As many of you know, I've been back in the saddle for a little over a year, after 7 years off due to a car accident and traumatic brain injury. I'm finally back with my old trainer(not the one mentioned in posts about the "friend" stealing), and couldn't be happier.....except for one thing. Over the past few weeks, I have become terrified to ride. I had a hard fall April 14th, but got back on and went on to do my first ever show on the 17th, riding the same horse I fell off of. He was on trial, and my trainer and I both agreed he was a little too much horse for me. After the show on the 17th, I continued to ride the same horse for one more week before he went home, but could never bring myself to do more than walk around for 10 minutes and be done. Now, any time I'm at the barn, I make excuses as to why I can't ride. There are several beginner safe horses available to me, and even though I know they wouldn't throw anything at me that could cause a fall, I've been turning down the opportunities to ride them. These are VERY nice sale horses, from Trakehners to TBs, all of whom I know fairly well. My trainer has been great with my limitations, and understands my limits and fears very well, and I trust her to not put me on something I can't handle. We have a nice quiet 7 year old TB gelding(never raced) coming tomorrow for me to try for 2 weeks. I'm just worried that my nerves are going to get the better of me, and all of her hard work to set this up is going to be for nothing. I've had some bad experiences in the past year or so with some horses that were not a good fit for me, but no actual injuries resulted from that. I did give my mare back last month, after realizing she was NOT what was best for me, and my limited funds were best spent getting lessons and taking my time searcdhing for a suitable mount. I can't figure out WHY I'm suddenly afraid to have any physical contact with the horses. Even helping my trainer turn out and bring in scares me right now. WHAT can I do????? I'm starting to wonder if it's just my time to hang up the helmet and enjoy being a horse show pony mom to my almost 7 year old daughter. She fell off April 13th and broke her elbow, and I'm having a hard time telling her not to be scared when I can't take my own advice. Also any advice to build confidence with ground handling would be much appreciated. Cookies and milk to anyone who read this whole thing!


----------



## Gidji (Dec 19, 2008)

I won't say I know exactly what you're going through, but I definitely feel for you. I'm getting back into english riding, after a 2 year break and every little thing is just that little bit scarier. I'm a logical person, so I'm always thinking about the risks and weighing up the options, and that really affects my riding. A thing thats helped with me is to just ride at a level I'm comfortable at. That helped for a little while, but I got stuck in a rut, so my instructor convinced me to just progress. And you know what the best thing was that happened? The pony I ride spooked, and took off a canter and put in a few pigroots. That's quite a scary situation for someone who is just getting their confidence back, but it helped me so much. It taught me that I am capable, I managed to stay on. It was by far the most beneficial thing and it restored my confidence ten-fold.


----------



## Citrus (Feb 26, 2010)

I say all feelings are okay and if you are terrified, then do hang it up for a while. Horses will always be there as they are not goign extinct. I am willing to bet, you will get drawn back in at some point in your life and what an adventure that will be when it happens.


----------



## Knaagdier (May 3, 2010)

.sIf you hang up the helmet ( i think ) you'll always retain that fear and uncertainty. (or you might regain the confidence to ride, but that fear will always be there until you find a horse that will make you feel safe and protected) 

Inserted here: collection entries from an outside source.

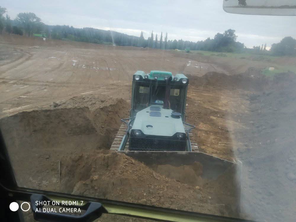 Skrývka ornice buldozerem.
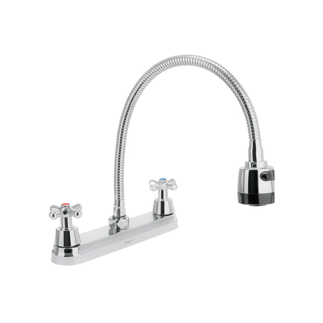 Moderna mezcladora para fregadero de la linea Aqua de Foset, con instalacion a 8 pulgadas. Fabricada en acero inoxidable, cuenta con un cuello flexible que permite dirigir el chorro de agua con precision y una llave de control tipo cruceta. Es la combinacion perfecta de durabilidad, diseño y funcionalidad para tu cocina.
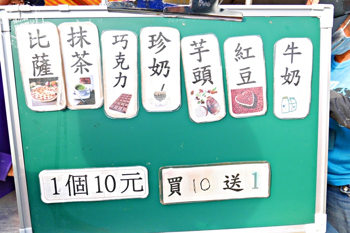 | 七種口味通通銅板價$10,超划算的,就算全部口味都吃上一輪,荷包也不會大失血,還有一些比較不一樣的口味,披薩、抹茶、珍奶,這些外面賣都不便宜了,他們家均一價10圓,還買十送一,這不用新台幣支持太說不過去了。 |
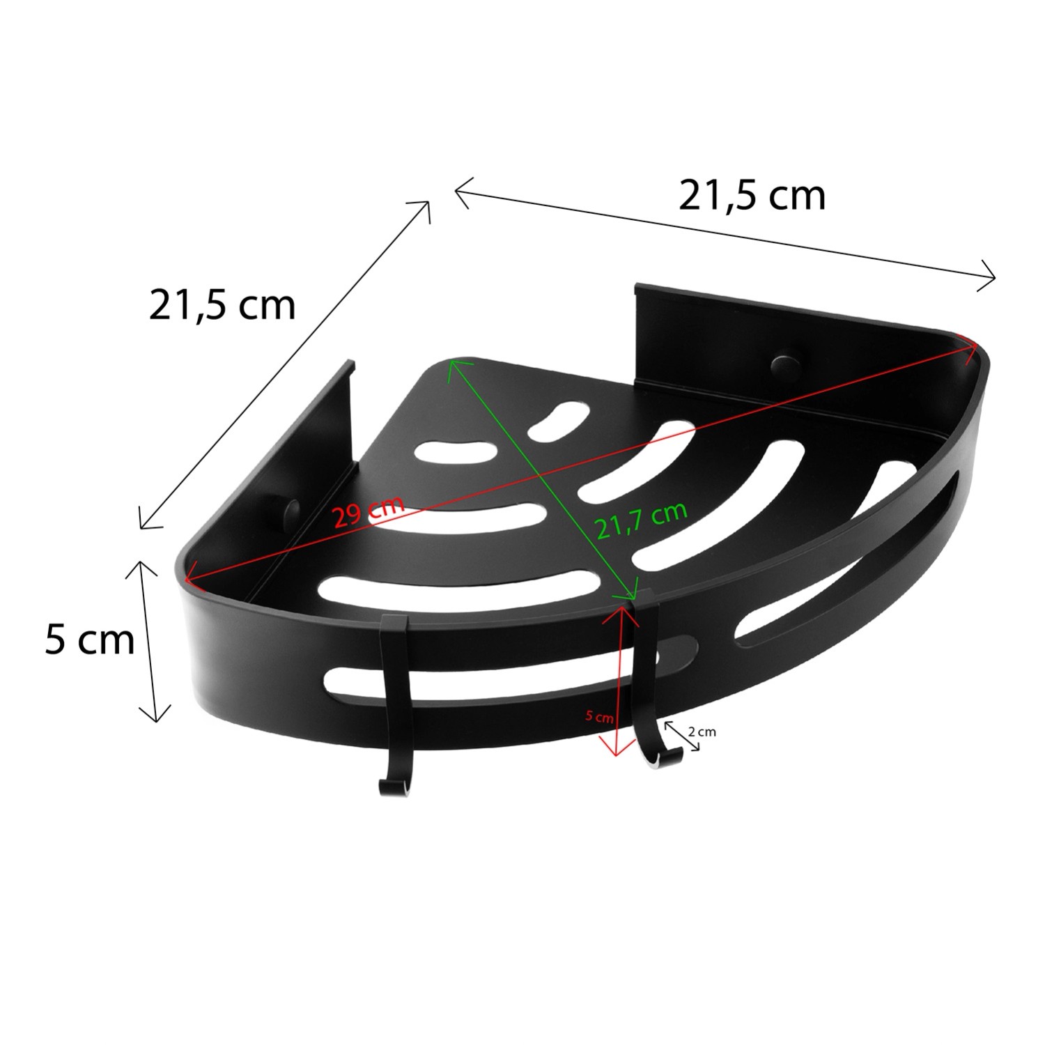 Pojedynczy, narożny koszyk na akcesoria łazienkowe. Koszyk wykonany jest z malowanego aluminium. Dobrze trzyma się gładkich powierzchni.
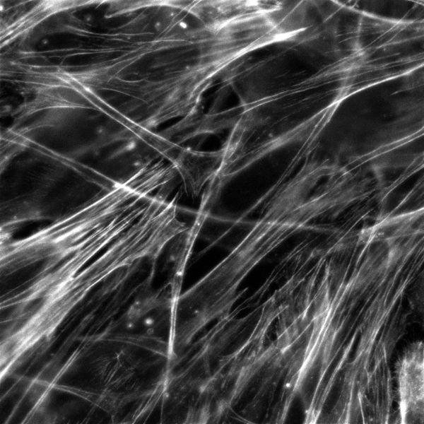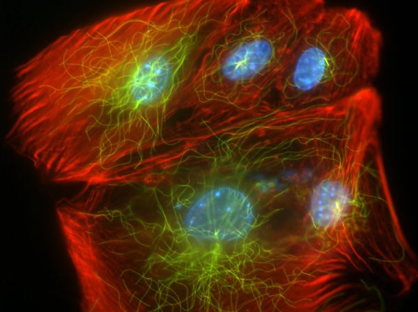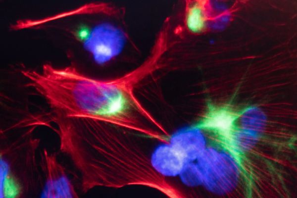 Stromal cells stained for actin (red), microtubules (green) and nucleus (blue)
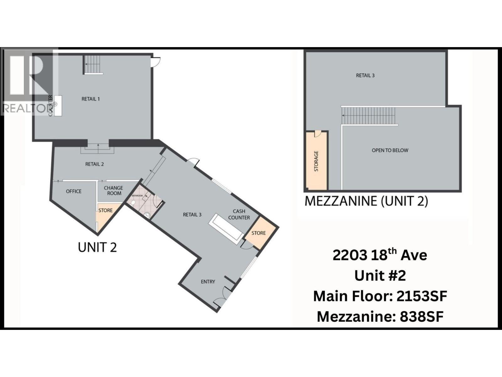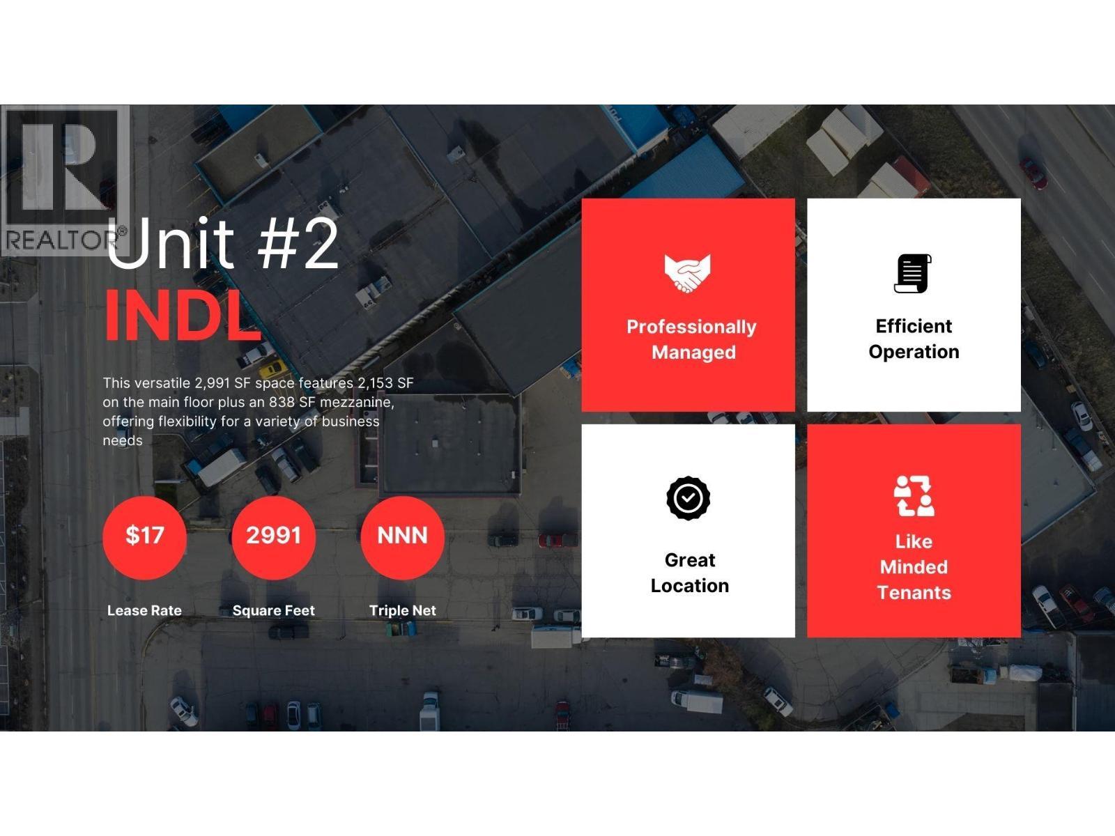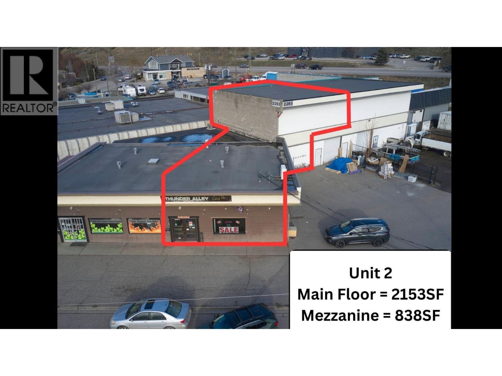 Commercial Space for Lease – Unit#2, 2203 18th Ave, Vernon, BC. Discover an exceptional leasing opportunity in a prime Vernon location. This versatile 2,991 SF space features 2,153 SF on the main floor plus an 838 SF mezzanine, offering flexibility for a variety of business needs. Conveniently located near major amenities—including restaurants, grocery stores, and a coffee shop right across the street, this property combines functionality with accessibility. Tenants and visitors will appreciate the ample on-site parking and easy access from surrounding main roads. Zoned Light Industrial, the unit accommodates a wide range of permitted uses, from light manufacturing and service-based businesses to warehouse and showroom operations. Lease Details: Rate: $17 per SF + Triple Net (NNN) / Total Area: 2,991 SF (2,153 SF main + 838 SF mezzanine) / Location: 2203 18th Avenue, Vernon, BC. This space offers the perfect balance of visibility, accessibility, and versatility—ideal for growing businesses seeking a well-located industrial-commercial property. (id:6769)
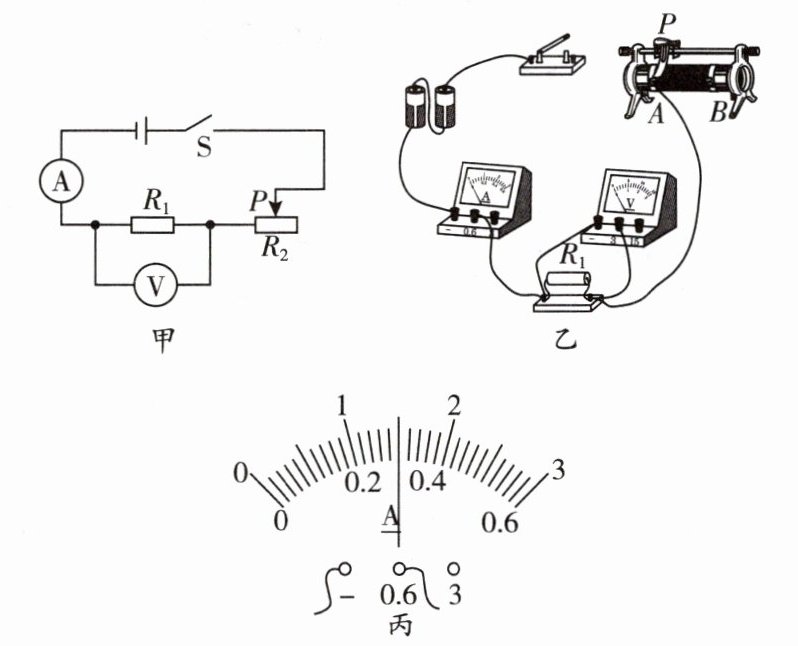 (4)排除故障后,当电压表示数为 $ 2.7 V $ 时,电流表示数如图丙所示,则通过 $ R_1 $ 的电流大小为______ $ A $,它的阻值是______ $ \Omega $。
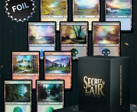 This is a real special treat we have today. This drop includes ten different basic lands: that’s two Plains, two Islands, two Swamps, two Mountains, and two Forests—each one with a unique piece of art by Bob Ross. That’s ten different pieces by the patient and soft-spoken legend, presented in beautiful foil. Whether you use them to add some joy to your deck or put them on display, we know these happy little cards will be right at home in your collection.
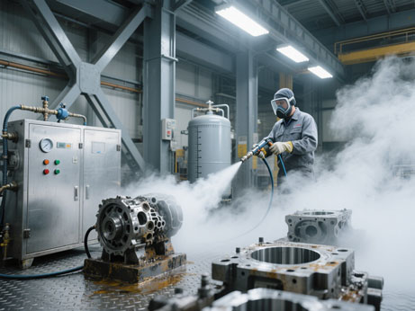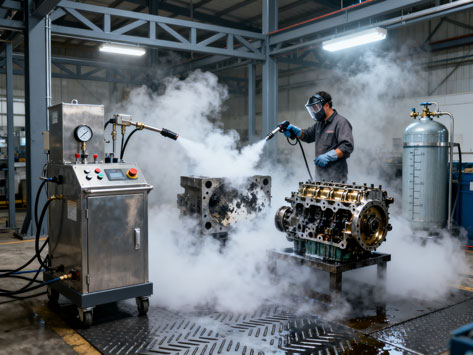 在工業清潔領域,一場靜悄悄的革命正在發生。它沒有高壓水槍的轟鳴,沒有化學溶劑的刺鼻氣味,取而代之的是一股冰冷的“煙霧”和工件煥然一新的光澤。這就是干冰清洗技術——一種高效、環保且極...

In all honestly, I'd say you do ride again you need to ride a VERY docile horse. You need to build up that trust and confidence again, and know that no matter what happens that horse would take care of you. I recently started riding again too after some time of break, and they put me on a very docile horse. I remember thinking when I had to canter, that I was scared, but that i'd believe in him that he wouldn't do anything wrong -- and he didn't. Riding a horse which you can't trust in will always result in you being too frightened.

If you do try it, go for the docile ones. The steady plod plods -- even the lazy ones where you have to work work work to get them going.

Please note this is only in my opinion, and I don't mean to be mean to anyone who has another. I.. meh, just think you need something calm to temper your fear.

P.S -- 

I had to ride this other horse called manzi. He's nice, except he tries to kill you when you tighten the girth. Hehe, or just bite you. I was putting the saddle onto his back and he turned his head towards me -- i got so -frightened- that I fell backwards with the saddle, straight to the ground as i leapt away from him. 

I fell ***-first - LITERALLY into a water bucket. My buttocks was drenched. Before impact i remember thinking "I hope something breaks my fall! " lol


----------



## Cougar (Jun 11, 2009)

Have you considered seeking a professional to help you work through your fears? I was so discouraged and afraid of my gelding the first year I had him and went to a woman who specialized in sport mentality and fears. She helped me get my confidence back.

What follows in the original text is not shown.